In 1983 TSR released the Ravenloft module, a product that continues to inspire me. The adventure was revolutionary in its day in that the structure allowed for the module to be played multiple times and the basic story elements could be different each time thanks to a unique fortune telling mechanic. Basically early in the adventure the DM played a forune teller and took a regular pack of cards, shuffled them, and drew cards that when compared to some charts selected the plot elements. The module itself had some fun encounters, an interesting "boss"monster Strahd von Zarovich the vampire, and it evoked a very spooky goth mood (which in that day wasn't the over-exposed genre it is now).
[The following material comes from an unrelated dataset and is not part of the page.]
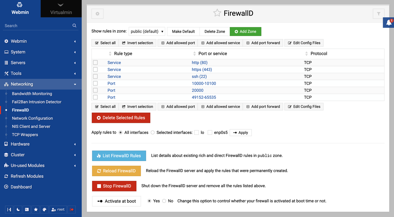 Webmin을 사용하여 FirewallD 규칙을 관리하는 방법은 다음과 같습니다.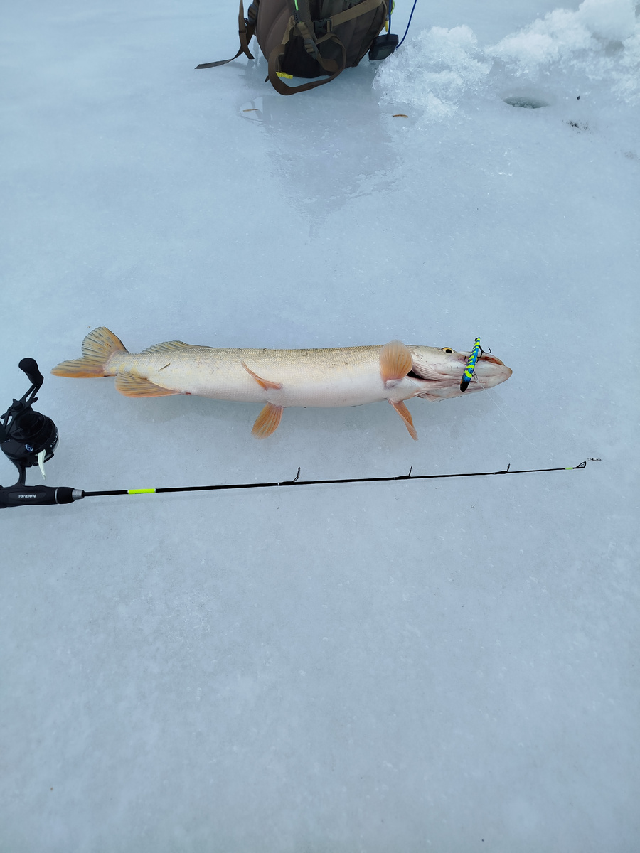Начну эту статью с третьего нолика в этом сезоне. Рыбалка происходила 27 января. Погодные условия были следующими температура 0 градусов да 26 января было -10, ветер 3 м.с юг, 769 атм.дав., луна убывающая. По традиции лов начал на привычной локации и на привычный балансир. Реакция рыбы была слабой. Перебирал приманки и более менее реакцию увидел на виб 85 в натуральном цвете. Выходов было много и поднималась рыба за ним больше чем на метр но поклевок не случалось. Ввиду ограниченного времени рыбачил в одной локации с нулевым результатом. Следующая рыбалка происходила 31 января. Погодные условия были следующими температура +2 градуса, 762 атм.давление., ветер 3 м/с запад, луна растущая. По традиции лов начал в той же локации и на туже приманку. Выходы были но вялые. Перебирая приманки на лунке далеко за третьем десятке ставлю виб 80 и после третьего взмаха получаю уверенную поклёвку. Щука 1600. На ней даже пассажиров немного. Продолжаю рыбачить на этот виб и на очередной лунке после вто

To a young budding artist like me the truly compelling things were it had a great cover, great interior illustrations, and most mind-blowing: "3d" maps. Dave Sutherland really outdid himself in creating an amazing isometric construction of the main encounter area: Strahd's castle. Next to his classic "Paladin in Hell" illustration, I consider these maps his finest work.
I would sit for hours reading the module, looking at the maps, and imagining what it would be like to wander those haunted halls. I only ever played the adventure once, much later, and while it was fun - it didn't quite live up to my vivid imaginings.
Years later I went on to attend art school, and had some training in perspective, and learned just how easy isometric is to draw in. Especially with modern digital tools, and a little bit of understanding of isometric, it is easier than ever. I thought it would be fun to put our monastery cellars and dungeon into isometric as part of our fleshing out exercise. I'm using photoshop for this, because the transform tool is so user friendly. Though for a clean map I would normally us Illustrator since it creates perfect, hard edged lines with vectors.
What is isometric? Well, true isometric is based on a grid from a perfectly vertical line, with two other intersecting lines that create exactly 120 degrees radius between each line. Like this:
One of the nice things about drawing in isometric is that there are no vanishing points. All parallel lines remain parallel forever. They never touch. So there is no distortion in your drawing from things getting smaller. Scale remains static no matter how far or near an object is. What this means is we can take the 2d map and rotate it so that the edge lines up with one of our 120 degree lines like this:
Using the transform tool rotate the map to the right until an edge lines up with your 120 degree grid line.
The next thing to do is to "skew" the other edges of the map so that they line up perfectly with the other 120 degree line, like this:
Using the transform tool hold Control down, click and hold on one of the top control points then skew the map to the left, until the top and bottom sides align to your 120 degree grid line.
And simple as that your 2d map is now in isometric perspective! We can play with raising and lowering various levels of the map up and down, such as stairs going up, or passage sloping down later, because it is relatively easy to do now that the map is in iso.:
And of course, to really capture that "old school" feeling that stirs up the warm fuzzies of nostalgia, there is nothing better than altering the color to the classic non-photo blue used in the early modules:
I recently learned that the reason the early maps where done in non-photo blue is because Lorraine Williams, CEO of TSR, believed that the maps where the most valuable thing in the modules and didn't want the fans photocopying them and somehow depriving her of a few bucks.
Fine by me. I think this particular color is quite aesthetically pleasing, and certainly makes those classic maps distinctive.